Let’s assume the following operations are executed in an ArangoDB server in this order…

1
2
3
4
5
6
7
8
9
10
11
Seq#  |  Operation type       |  Transaction#  |  Context
------+-----------------------+----------------+---------------------------------------
   1  |  start transaction    |           773  |  database "_system"
   2  |  insert document      |           773  |  collection "test", key "foo"
   3  |  start transaction    |           774  |  database "_system"
   4  |  insert document      |           774  |  collection "mycollection", key "bar"
   5  |  start transaction    |           775  |  database "_system"
   6  |  update document      |           775  |  collection "boom", key "test"
   7  |  abort transaction    |           774  |  -                
   8  |  remove document      |           773  |  collection "test", key "baz"
   9  |  commit transaction   |           773  |  -     

…and then the server goes down due to a power outage.

On server restart, the WAL contents will be replayed, so the server will redo the above operations. It will find out that operations #2 and #8 belong to transaction #773. Transaction #773 was already committed, so all of its operations must and will be recovered.

Further it will find out that operation #4 belongs to transaction #774, which was aborted by the user. Therefore, this operation will not be replayed but ignored.

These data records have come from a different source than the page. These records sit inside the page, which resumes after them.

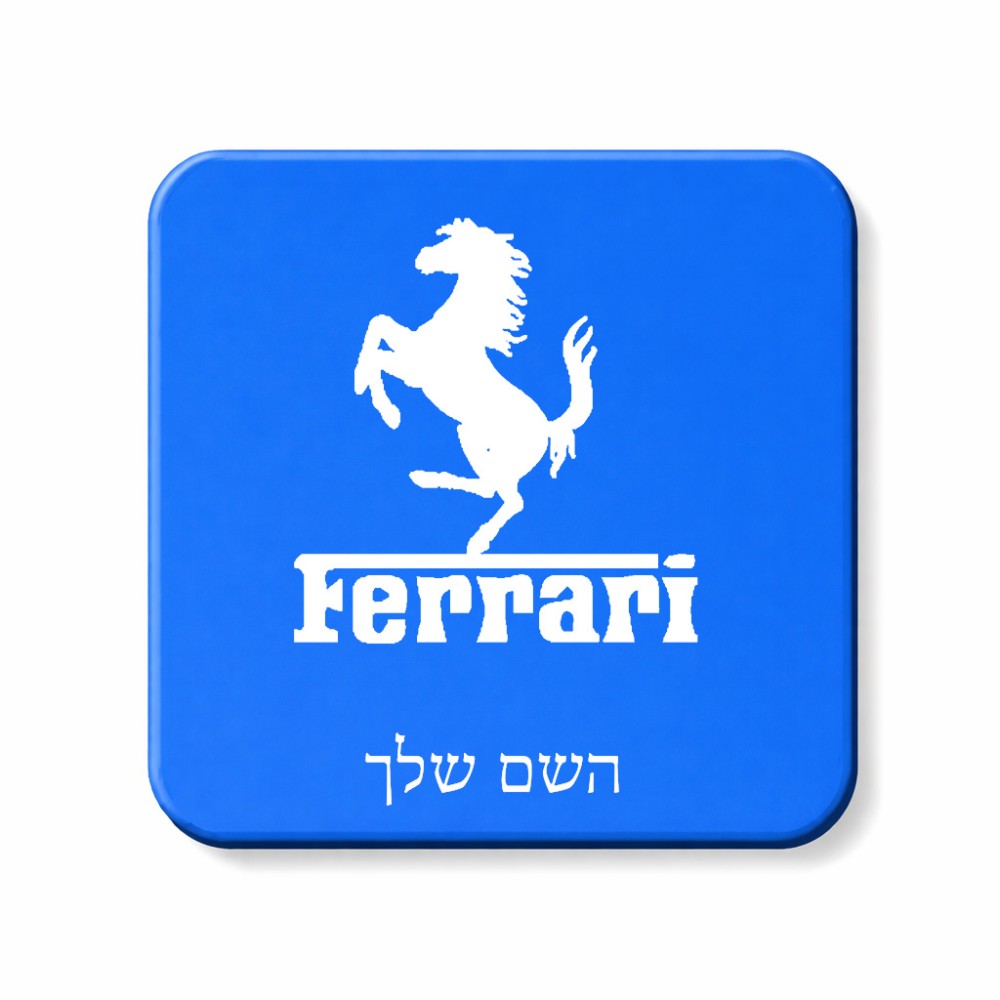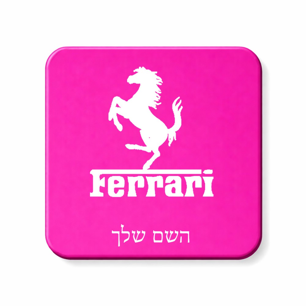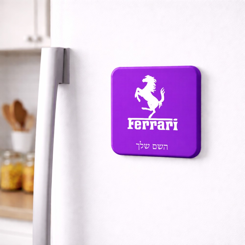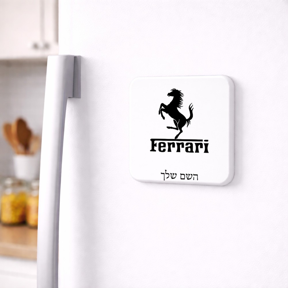 מגנט למקרר בעיצוב אישי עם השם שלך בעיצוב פרארי גודל המגנט 6.5 × 6.5 ס"מ. את השם המבוקש ניתן לציין בהזמנה, אם לא צויין אנחנו ניצור קשר לבירור.
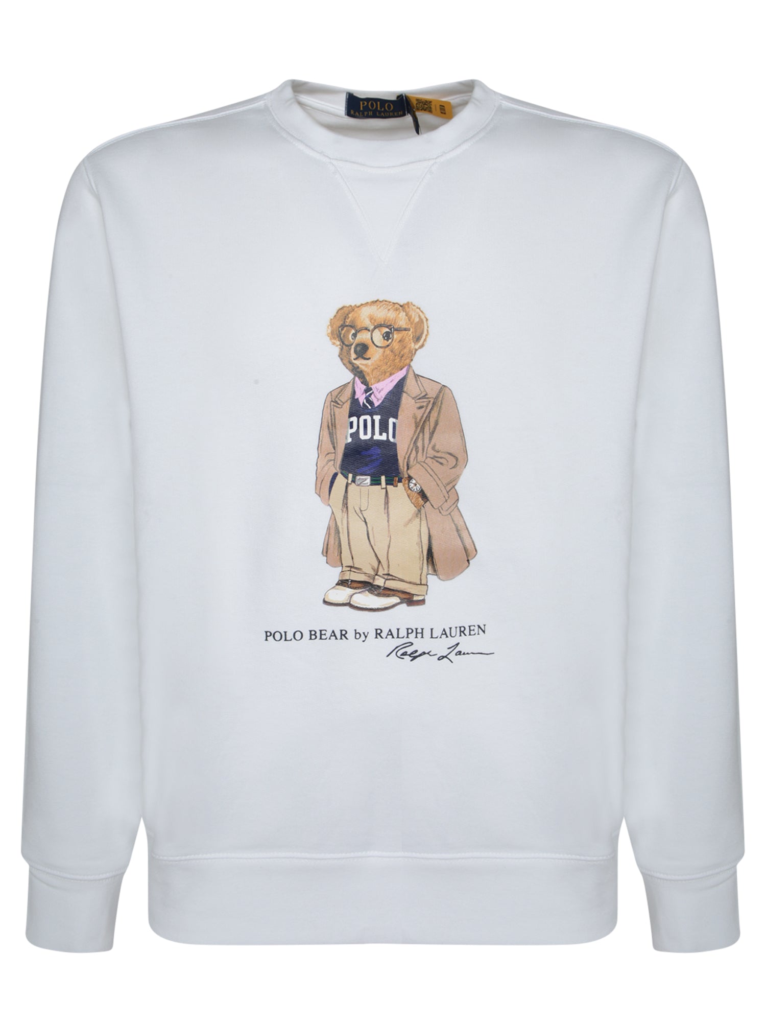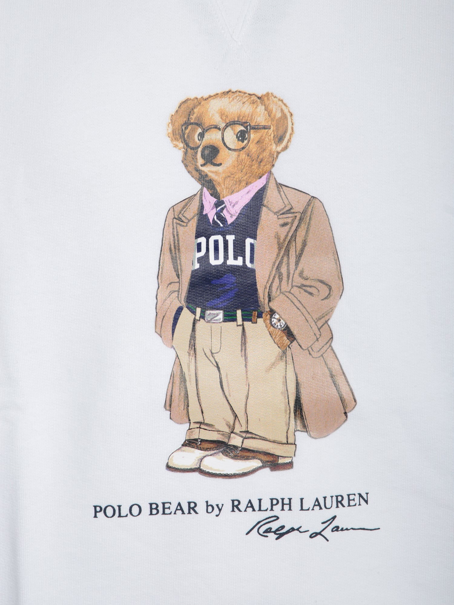 Long sleeve solid color sweatshirt with a raised V-neck. Features a front print of Ralph Lauren's Polo Bear.
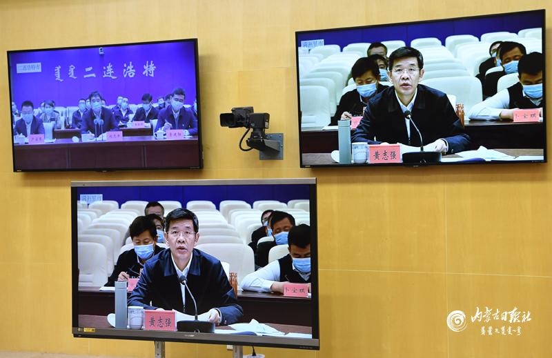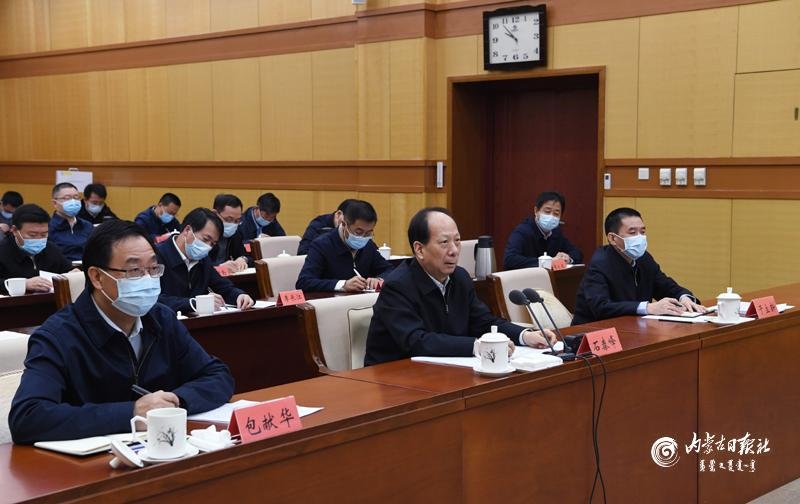 12月31日,自治區(qū)黨委書記、人大常委會(huì)主任石泰峰主持召開口岸疫情防控和通關(guān)情況視頻調(diào)度會(huì)并講話。內(nèi)蒙古日?qǐng)?bào)社融媒體記者 袁永紅 攝
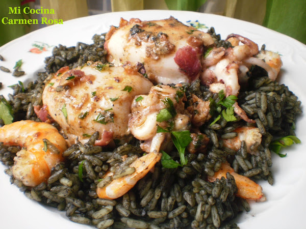 doce langostinos, cuatro puñados de arroz (aunque para éste tipo de arroces suelo utilizar redondo, he usado un arroz alargado pero nacional, no tipo oriental), el doble de volumen de agua que de arroz (suelo echar ocho cucharones) de caldo de pescado (suelo usar la espina de rosada y la piel junto con las cabezas de los langostinos), media cebolla blanca, cuatro dientes de ajo, un tomate maduro, una ramita de perejil, un sobre de tinta de calamar (lo venden en cualquier supermercado, en la sección de congelados), medio vaso de aceite de oliva virgen extra (¿han probado los aceites malagueños?, les animo a ello), sal.
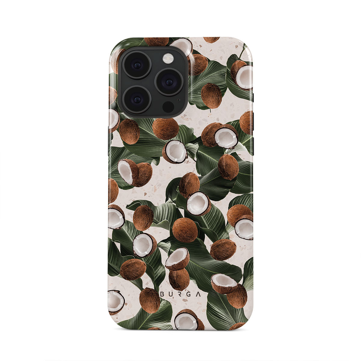 Coconut Crush iPhone 15 Pro phone case showcases a soft creme color design with a playful addition of coconuts on top. The unexpected design duo will add a touch of tropical playfulness to your style while offering heavy-duty protection for your cell phone.
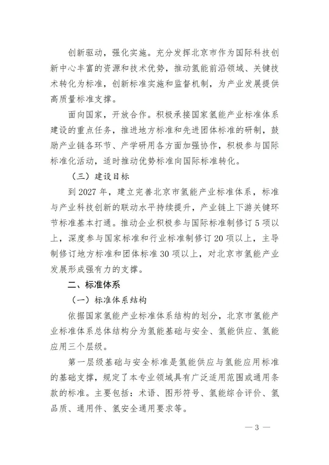 文件指出,到2027年,建立完善北京市氢能产业标准体系,标准与产业科技创新的联动水平持续提升,产业链上下游关键环节标准基本打通。推动企业积极参与国际标准制修订5项以上,深度参与国家标准和行业标准制修订20项以上,主导制修订地方标准和团体标准30项以上,对北京市氢能产业发展形成强有力的支撑。
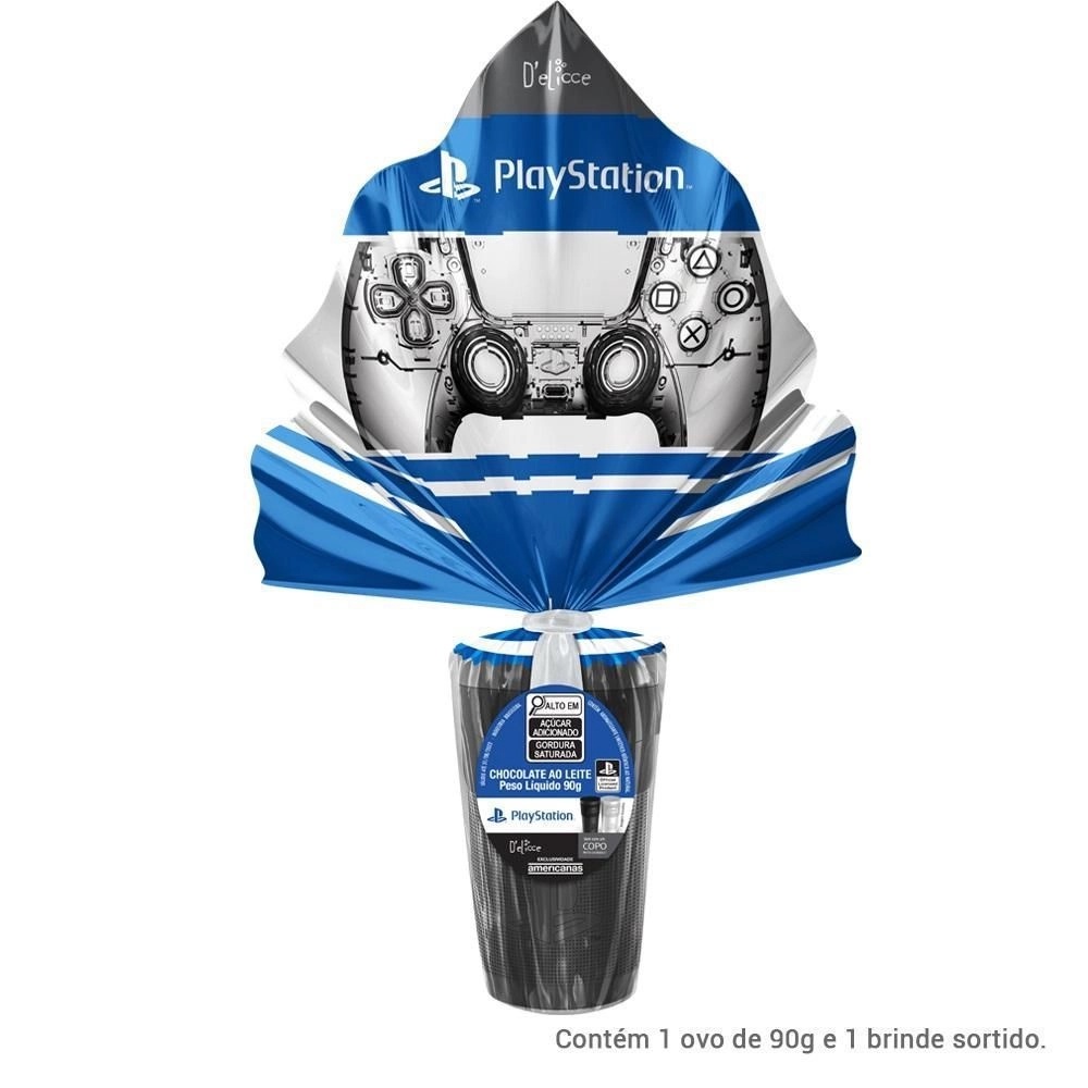 Ovo de Páscoa Playstation vem com Copo preto temático do Playstation + ovo de chocolate 90g
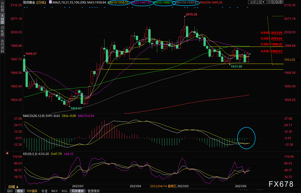 汇通财经APP讯——周五(6月9日)亚洲时段,现货黄金窄幅震荡,目前交投于1964.36美元/盎司附近,隔夜美国初请数据表现很差,美元大跌,帮助金价上涨,虽然短线看涨信号有所增加,但在下周美联储利率决议前,市场观望情绪渐浓,多头仍有所顾忌,金价仍处于近三周的震荡区间内。

Finally, it will find operation #6 belongs to transaction #775. For this transaction, there is neither an abort nor a commit operation in the log. Because the transaction was never committed, all of its operations are not replayed at restart and the server will behave as if the transaction never happened.

WAL and replication

A side-effect of having a write-ahead log is that it can also be used for replication. When a slave server fetches the latest changes from the master, the master can simply read the operations from its WAL. Data in the WAL are self-contained, meaning the master can efficiently compile the list of changes using only the WAL and without performing lookups elsewhere.

The WAL is there and will be used anyway, enabling any ArangoDB server to be used as a replication master without any configuration. Previous versions of ArangoDB (without the WAL) required setting up an extra component for replication logging. This requirement is now gone.

Organization of the WAL

The WAL is actually a collection of logfiles. Logfiles are named logfile-xxxx.db (with xxxx being the logfile’s id). Logfiles with lower ids are older than logfiles with higher ids. By default, the logfiles reside in the journals sub-directory of ArangoDB’s database directory.

At any point in time, one of the logfiles will be the active logfile. ArangoDB will write all data-modifications to the active logfile. Writing is append-only, meaning ArangoDB will never overwrite existing logfile data. To ensure logfile integrity, a CRC32 checksum is calculated for each logfile entry. This checksum is validated when a logfile is replayed. When there is a checksum mismatch, this indicates a disk error or an incompletely written operation – in both cases it won’t be safe to recover and replay the operation.

If an operation can’t be written into the active logfile due to lack of space, the active logfile will be closed and a new logfile will become the active logfile.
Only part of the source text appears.